**Work instructions**: Repeat the stretch of entries below from the line with "1793-1900 PAPEL SELLADO" through the line with "You can find". Include both ends and add nothing.

**Stored data**:
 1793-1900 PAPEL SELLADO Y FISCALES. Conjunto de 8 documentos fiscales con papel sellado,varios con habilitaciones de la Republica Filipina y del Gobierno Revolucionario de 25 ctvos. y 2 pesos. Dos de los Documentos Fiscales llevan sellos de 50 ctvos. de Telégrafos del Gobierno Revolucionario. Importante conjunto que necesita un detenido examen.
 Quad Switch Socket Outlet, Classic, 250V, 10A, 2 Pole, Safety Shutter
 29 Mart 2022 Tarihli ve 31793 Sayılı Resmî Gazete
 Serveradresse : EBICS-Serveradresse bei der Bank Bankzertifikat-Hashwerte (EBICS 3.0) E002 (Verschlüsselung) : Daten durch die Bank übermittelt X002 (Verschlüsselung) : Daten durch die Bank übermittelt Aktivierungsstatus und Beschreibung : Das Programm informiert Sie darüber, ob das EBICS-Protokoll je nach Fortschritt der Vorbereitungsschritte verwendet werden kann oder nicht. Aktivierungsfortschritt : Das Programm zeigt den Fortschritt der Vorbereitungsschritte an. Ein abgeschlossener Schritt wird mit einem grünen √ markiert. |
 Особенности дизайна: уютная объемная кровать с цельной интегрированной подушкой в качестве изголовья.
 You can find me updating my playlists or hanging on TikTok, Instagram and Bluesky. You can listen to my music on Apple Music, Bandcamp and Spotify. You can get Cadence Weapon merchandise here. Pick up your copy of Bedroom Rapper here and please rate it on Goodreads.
---
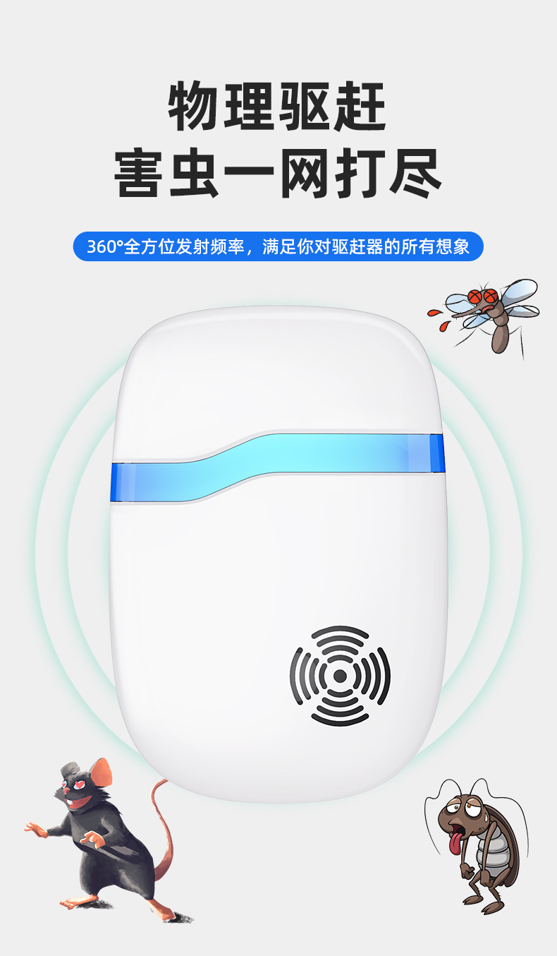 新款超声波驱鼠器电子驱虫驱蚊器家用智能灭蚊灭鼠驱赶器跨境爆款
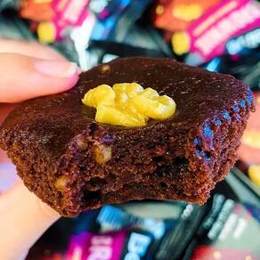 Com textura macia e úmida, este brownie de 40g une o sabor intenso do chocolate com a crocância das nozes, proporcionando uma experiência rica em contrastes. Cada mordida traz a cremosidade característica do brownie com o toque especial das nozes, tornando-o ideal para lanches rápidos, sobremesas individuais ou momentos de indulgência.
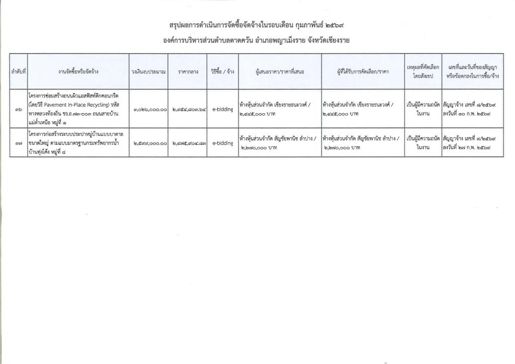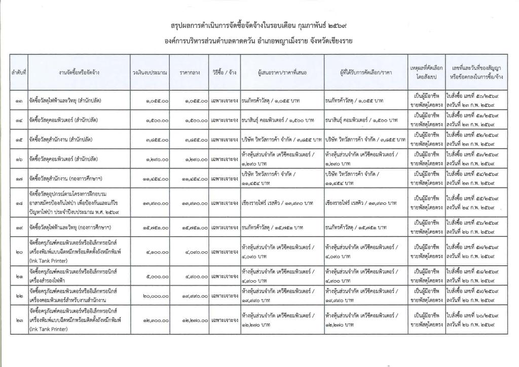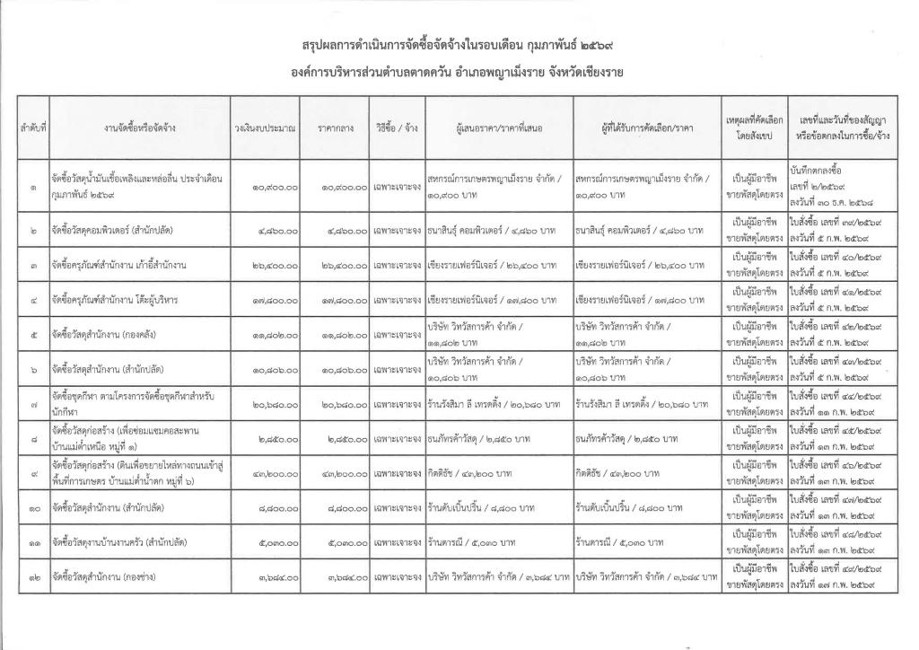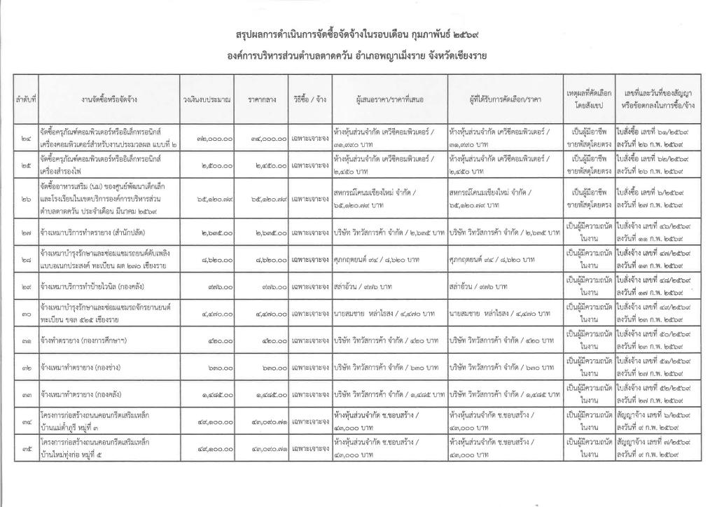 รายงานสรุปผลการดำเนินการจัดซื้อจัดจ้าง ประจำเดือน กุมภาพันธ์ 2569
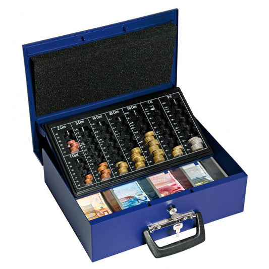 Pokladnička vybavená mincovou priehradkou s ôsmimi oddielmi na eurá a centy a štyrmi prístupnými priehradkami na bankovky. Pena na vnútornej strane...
* * *
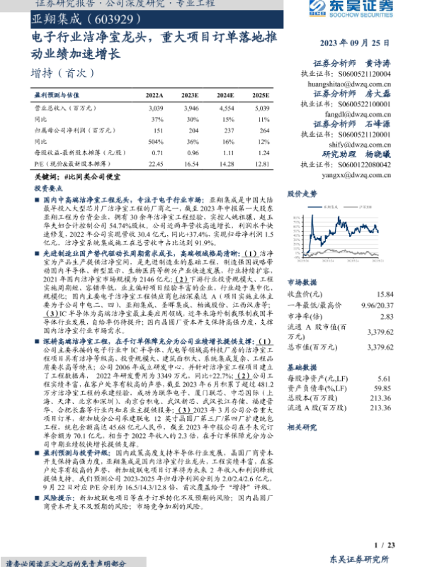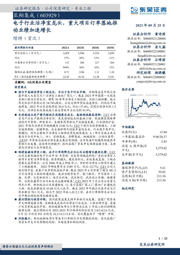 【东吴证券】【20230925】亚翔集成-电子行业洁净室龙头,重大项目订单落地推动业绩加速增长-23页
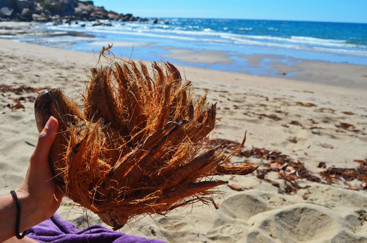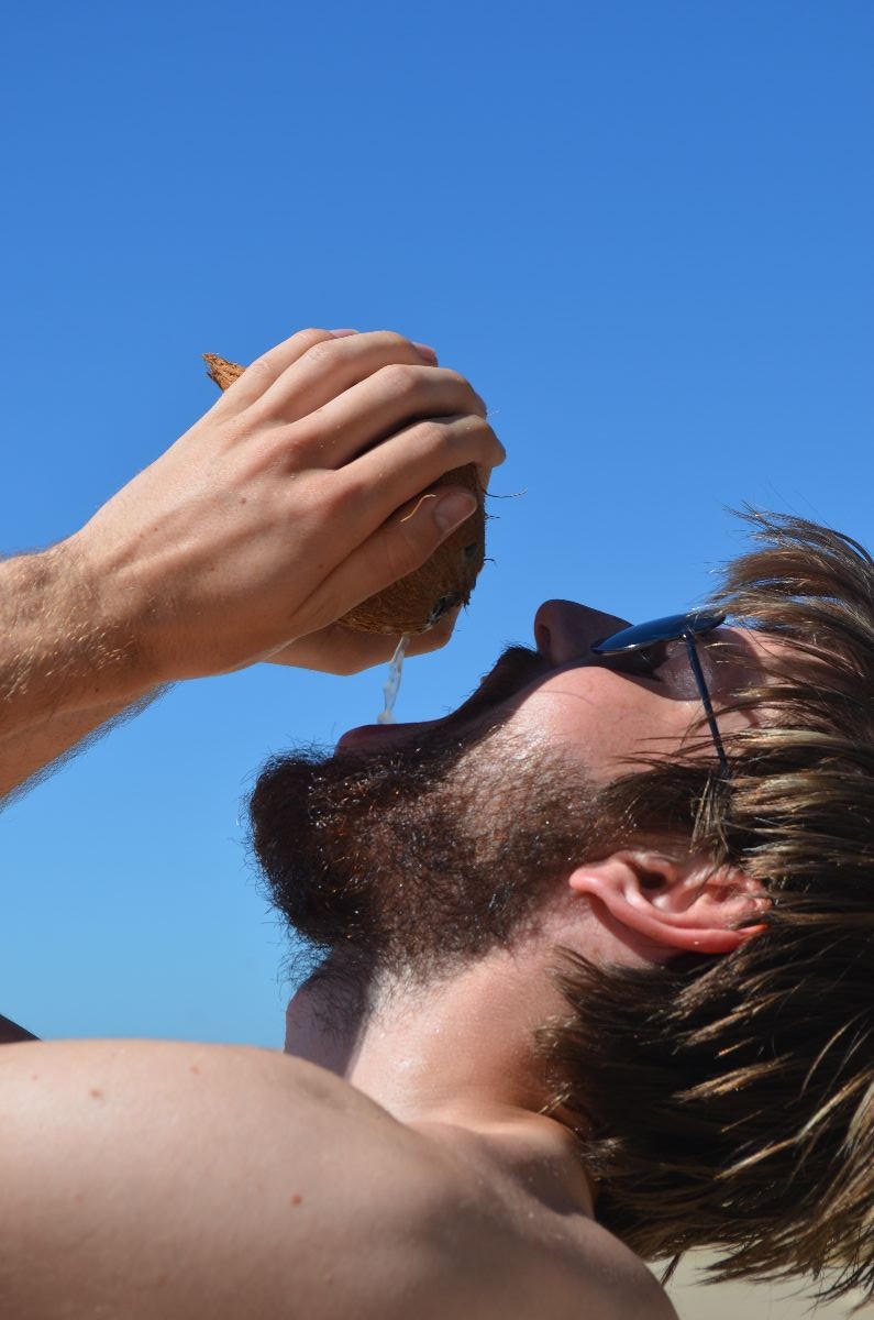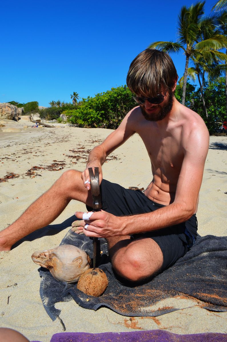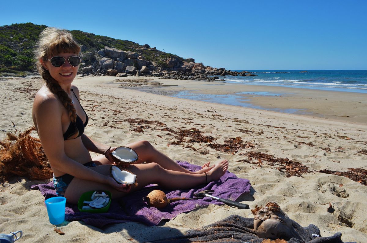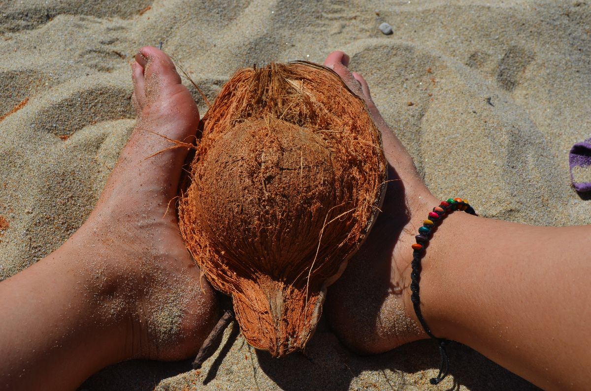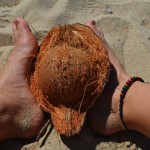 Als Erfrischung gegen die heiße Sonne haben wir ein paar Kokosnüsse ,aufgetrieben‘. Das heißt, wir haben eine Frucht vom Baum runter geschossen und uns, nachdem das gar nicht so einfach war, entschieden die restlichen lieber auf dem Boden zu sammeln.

**Output**:
 1793-1900 PAPEL SELLADO Y FISCALES. Conjunto de 8 documentos fiscales con papel sellado,varios con habilitaciones de la Republica Filipina y del Gobierno Revolucionario de 25 ctvos. y 2 pesos. Dos de los Documentos Fiscales llevan sellos de 50 ctvos. de Telégrafos del Gobierno Revolucionario. Importante conjunto que necesita un detenido examen.
 Quad Switch Socket Outlet, Classic, 250V, 10A, 2 Pole, Safety Shutter
 29 Mart 2022 Tarihli ve 31793 Sayılı Resmî Gazete
 Serveradresse : EBICS-Serveradresse bei der Bank Bankzertifikat-Hashwerte (EBICS 3.0) E002 (Verschlüsselung) : Daten durch die Bank übermittelt X002 (Verschlüsselung) : Daten durch die Bank übermittelt Aktivierungsstatus und Beschreibung : Das Programm informiert Sie darüber, ob das EBICS-Protokoll je nach Fortschritt der Vorbereitungsschritte verwendet werden kann oder nicht. Aktivierungsfortschritt : Das Programm zeigt den Fortschritt der Vorbereitungsschritte an. Ein abgeschlossener Schritt wird mit einem grünen √ markiert. |
 Особенности дизайна: уютная объемная кровать с цельной интегрированной подушкой в качестве изголовья.
 You can find me updating my playlists or hanging on TikTok, Instagram and Bluesky. You can listen to my music on Apple Music, Bandcamp and Spotify. You can get Cadence Weapon merchandise here. Pick up your copy of Bedroom Rapper here and please rate it on Goodreads.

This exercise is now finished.